Investment professionals with long memories can remember the olden days when the investment markets and the U.S. economy were not–and were not supposed to be–controlled, rigged or otherwise directly manipulated by the U.S. central bank. But we are far from that today, as evidenced by yesterday’s market reaction to Federal Reserve Board Chairperson Janet Yellen’s press conference, and the release of the minutes of the Fed’s most recent Federal Open Market Committee (FOMC) meeting. By the end of the day, the Standard & Poor’s 500 index had dropped 0.61 percent, the Nasdaq Composite slipped 0.59 percent, and there was an immediate sell-off in Treasury securities. Hardest hit were 4-5 year yields, where rates rose 0.12%.

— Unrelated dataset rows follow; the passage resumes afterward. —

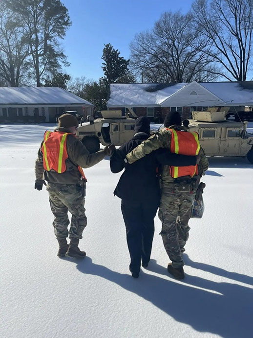 Across Shelby County, in addition to supporting the Memphis Safe Task Force, Guardsmen have been responding to storm-related emergencies. Since Saturday, they have helped more than 20 stranded citizens, recovered nearly 220 stranded motorists, and assisted with the establishment and management of warming centers across the city. They also transported and ensured that more than 280 emergency and health care employees were transported to area hospitals and emergency management centers.
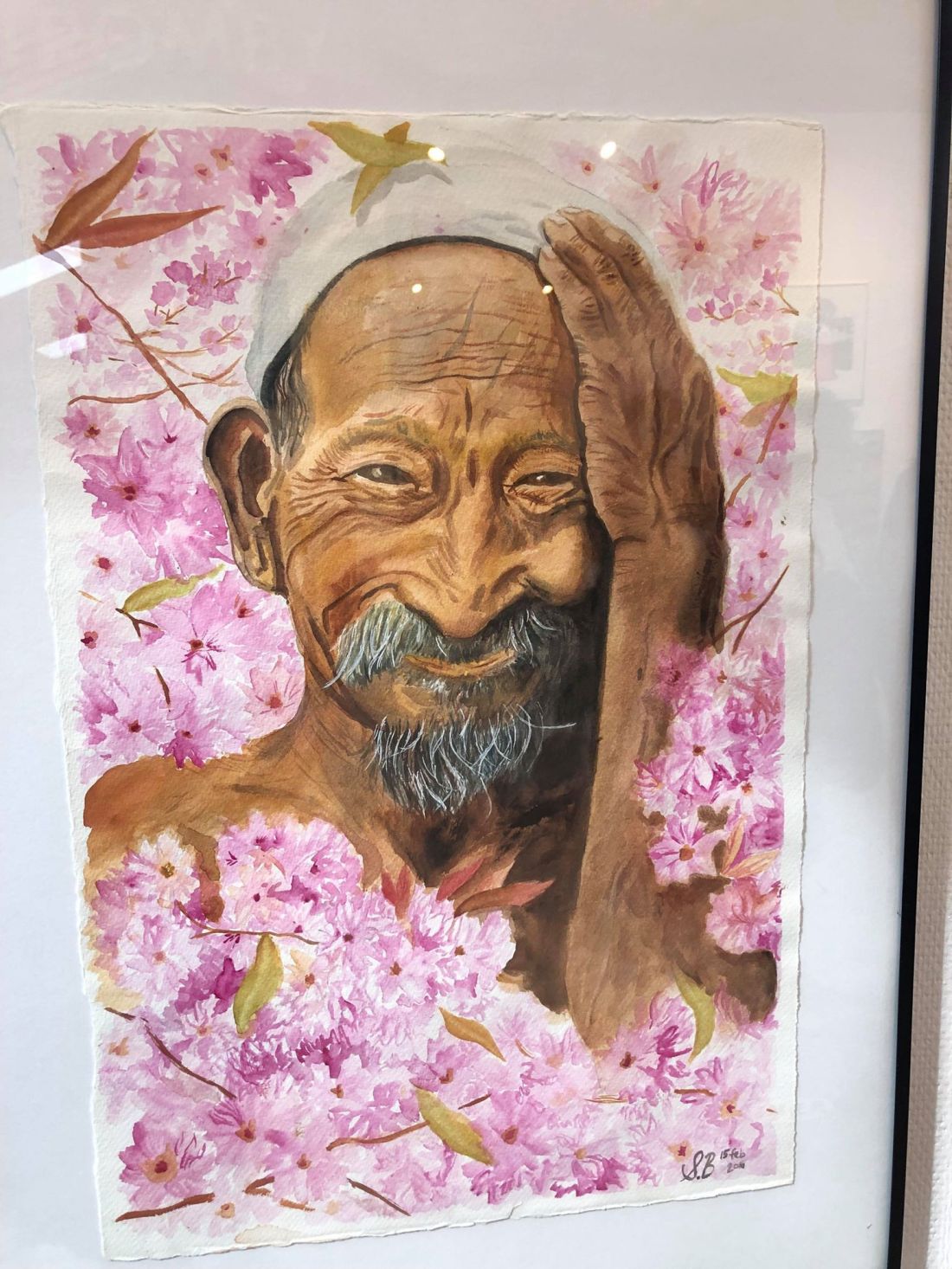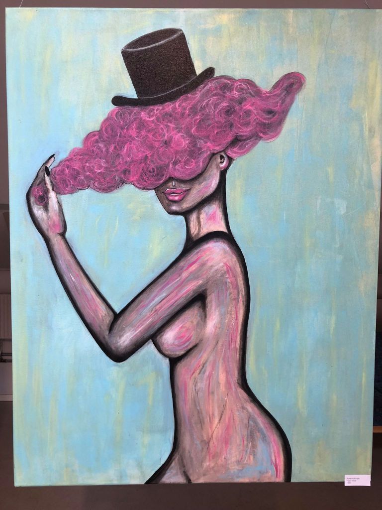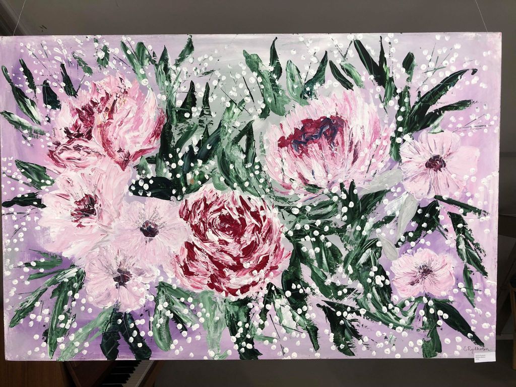 Visst är konstverket på mannen omgiven av rosa blomster underbart?! Den är målad av Sarah Billengren.
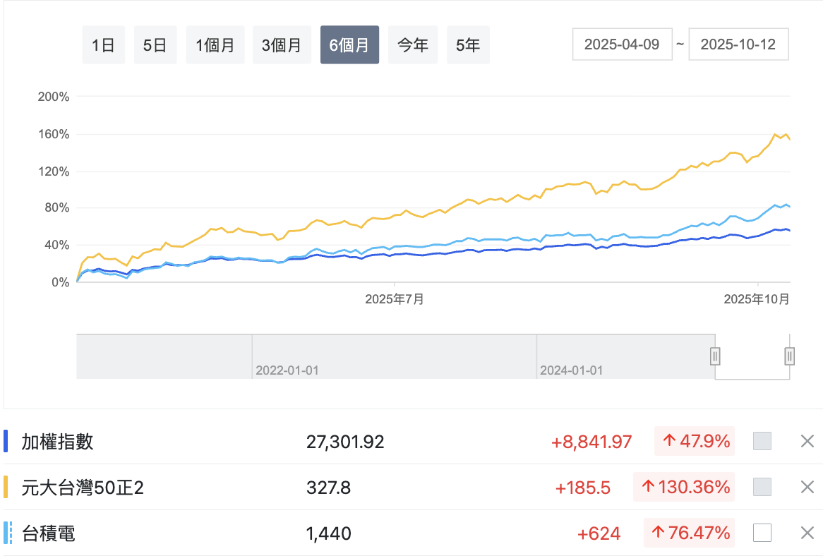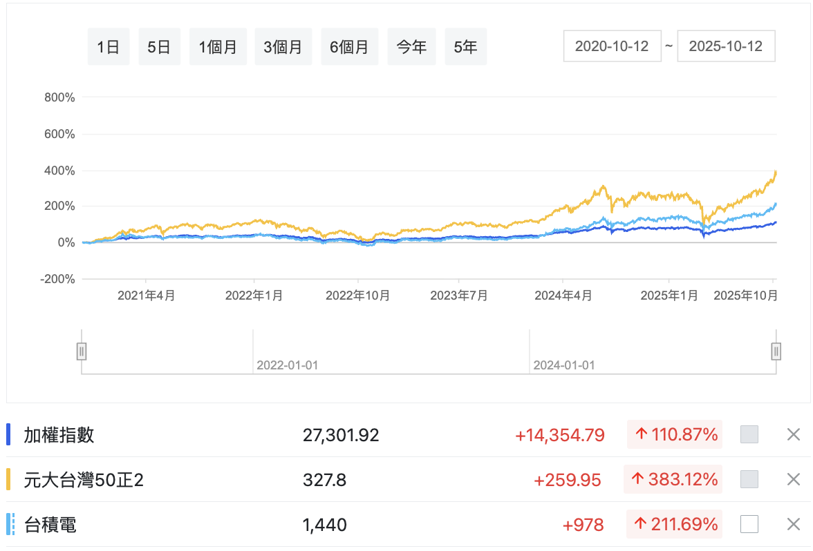 但觀察把時間拉長到近五年(2020/10~2025/10)台積電漲幅是 211%,0050 是110%,台積電比 0050 多一倍,正二的投報率是 383%,0050 跟台積電都狂輸正二。主要是現在台股正在歷史高點導致的。
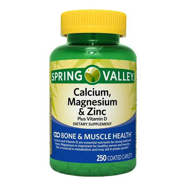 - Spring Valley Calcium, Magnesium & Zinc Plus Vitamin D3 Coated Caplets, 250 Count
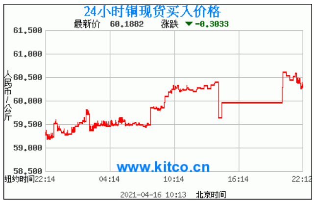 铜价格走势图今日最新铜价行情(2021年4月16日) 今日最新铜价:60.1882涨跌:-0.3033 备注:以上铜价格仅供参考,请以官方价格为准。
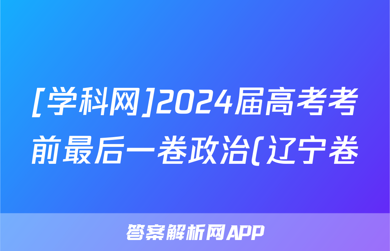 [学科网]2024届高考考前最后一卷政治(辽宁卷)试题正在持续更新,目前2024届周测卷答案网为大家整理了相关试题及答案,供大家查缺补漏,高效提升成绩。
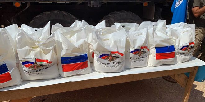 وذكر الرائد ألكسي يبلوتشنيكوف المسؤول عن توزيع المساعدات في تصريح لمراسل سانا أن الدفعة شملت خمسة أطنان من المواد الغذائية هي “رز وسكر وطحين وشاي وزيت وحليب”.

Despite all the breathless reporting, what Yellen actually said was pretty mild. She (and the FOMC minutes) noted that the U.S. unemployment rate is falling faster than expected–which has to be considered good news for the economy. She noted that inflation is low–which is certainly not terrible news. Yellen told the gathered reporters that the Fed is now cutting back on its purchases of Treasury bonds and packages of home mortgages, from $65 billion a month to $55 billion, which means that our central bank will still be the largest buyer at the table by orders of magnitude, and still be setting rates as the loudest voice at auction.
Toward the end of her remarks, Yellen said that the Fed hopes to bring unemployment down to somewhere between 5.2% and 5.6% (which, for some reason is described as “full” employment), and the Fed’s economists seem to expect that this will happen in the next year or two. How can that be bad news?
So why are people abandoning stocks? While Yellen said that she expects the Fed to continue to keep interest rates low, she also told the group that with the unemployment rate at around 6.7% currently, the Fed will no longer view a 6.5% unemployment rate as its signal to end its stimulus measures. That suggested, to some observers, that the Fed will allow interest rates to rise next year, and indeed, the FOMC minutes show that 13 of the Fed’s 16 policy makers expect that the U.S. central bank will start allowing interest rates to find their natural levels sometime in 2015. (Two other Fed economists expect the Fed to take its foot off of rates sometime in 2016.)
It is fair to wonder why these mild forecasts and statements rocked the markets, but a bigger question is whether the markets actually need the Fed’s heavy-handed intervention at this point in the long recovery from 2008-2009. The U.S. economy grew 3.2% in the fourth quarter of 2013, and growth hit 2.7% for the year. Since 1948, the average yearly growth rate of the U.S. economy has been 3.21%, which suggests that our economic engine no longer needs a loud buyer at the auction table to prop it up. Meanwhile, the stock market has been testing new highs since the bottom in March 2009.
Perhaps most importantly, there is no evidence that the Fed’s economists–brilliant people all–have the knowledge or insight to forecast and control our economic cycles.
The only real significance of the press conference is that it takes us one step closer to the day when Chairperson Yellen will announce that the Fed is no longer in the business of buying billions of dollars worth of the bonds issued by its own government and quasi-government entities. When that day comes, the economy and the markets are going to have to figure out how to operate without an outside entity rigging prices and rates. It is possible that the wisdom of all aggregate buyers and sellers, when they finally get back control of the tiller, will do a more effective job of moving the economy forward than a handful of economists. But based on yesterday’s press conference, we won’t find that out for a couple of years at least.